---- Data extract
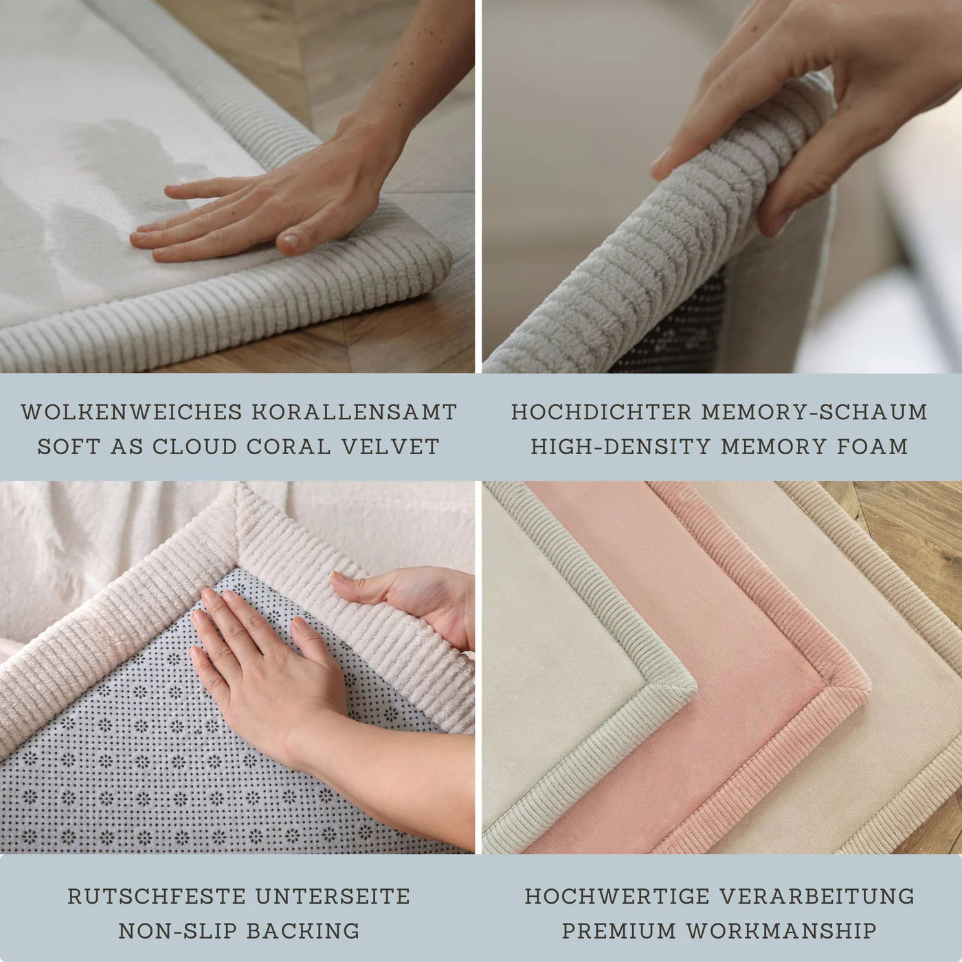 The cloud-soft play rug for children consists of three layers: 1. coral velvet for the softest skin contact, 2. elastic memory foam for comfortable playing and crawling, 3. non-slip backing to protect against shocks when falling.
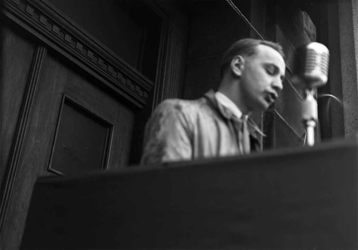 Maður heldur ræðu við púlt á útifundi á Lækjartorgi á 1. maí. Aðaldyr Útvegsbankans við Lækjartorg í bakgrunni.
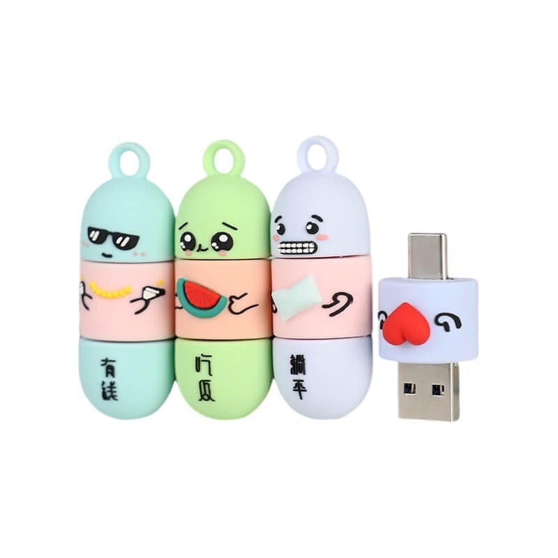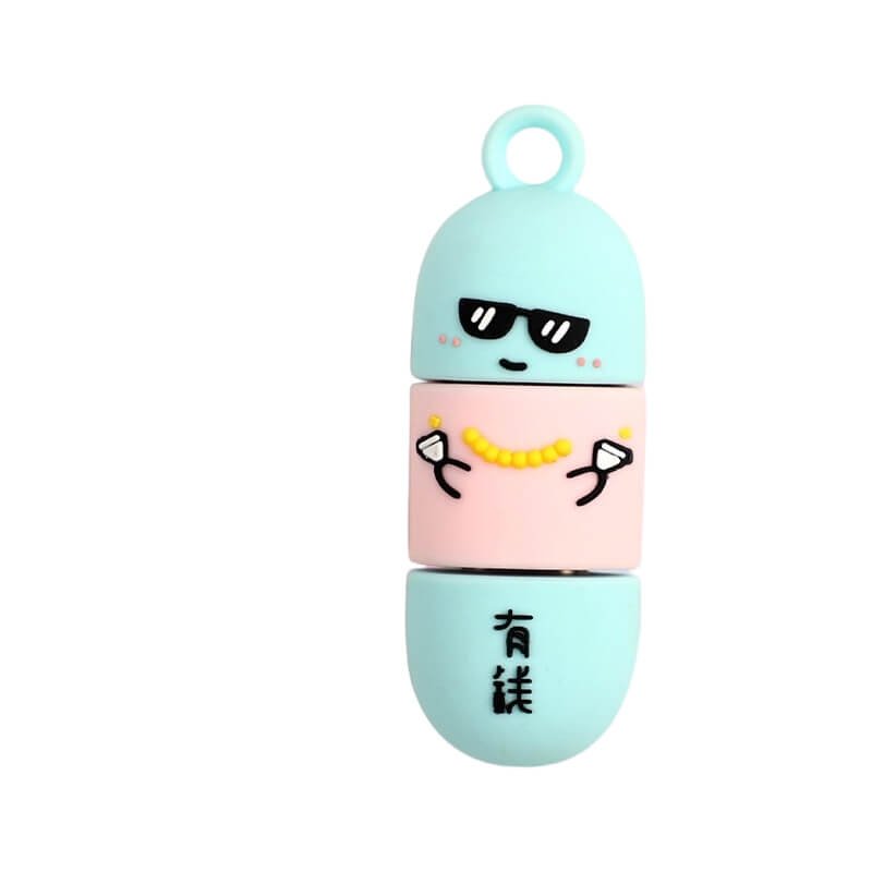 This capsule-shaped cartoon USB drive features an adorable capsule design, each exuding a unique charm that makes it irresistibly endearing. Crafted from soft PVC material, it’s waterproof, dustproof, and highly corrosion-resistant. Affordable and durable, it resists yellowing over time. Designs include an adorable giraffe, a rich character sporting sunglasses and a gold chain, a foodie holding a watermelon, and a slightly resigned lie-flat figure. These blend internet slang with cartoon elements, creating both fun and relatability. Colors draw from the macaron palette—soft blues, gentle pinks, fresh greens, and delicate purples—creating a soothing, visually comforting effect. Each USB drive looks as tempting as candy.
--------
Work required: For the data above, return an exact copy that contains no pictures.

Exercise answer:
 The cloud-soft play rug for children consists of three layers: 1. coral velvet for the softest skin contact, 2. elastic memory foam for comfortable playing and crawling, 3. non-slip backing to protect against shocks when falling.
 Maður heldur ræðu við púlt á útifundi á Lækjartorgi á 1. maí. Aðaldyr Útvegsbankans við Lækjartorg í bakgrunni.
 This capsule-shaped cartoon USB drive features an adorable capsule design, each exuding a unique charm that makes it irresistibly endearing. Crafted from soft PVC material, it’s waterproof, dustproof, and highly corrosion-resistant. Affordable and durable, it resists yellowing over time. Designs include an adorable giraffe, a rich character sporting sunglasses and a gold chain, a foodie holding a watermelon, and a slightly resigned lie-flat figure. These blend internet slang with cartoon elements, creating both fun and relatability. Colors draw from the macaron palette—soft blues, gentle pinks, fresh greens, and delicate purples—creating a soothing, visually comforting effect. Each USB drive looks as tempting as candy.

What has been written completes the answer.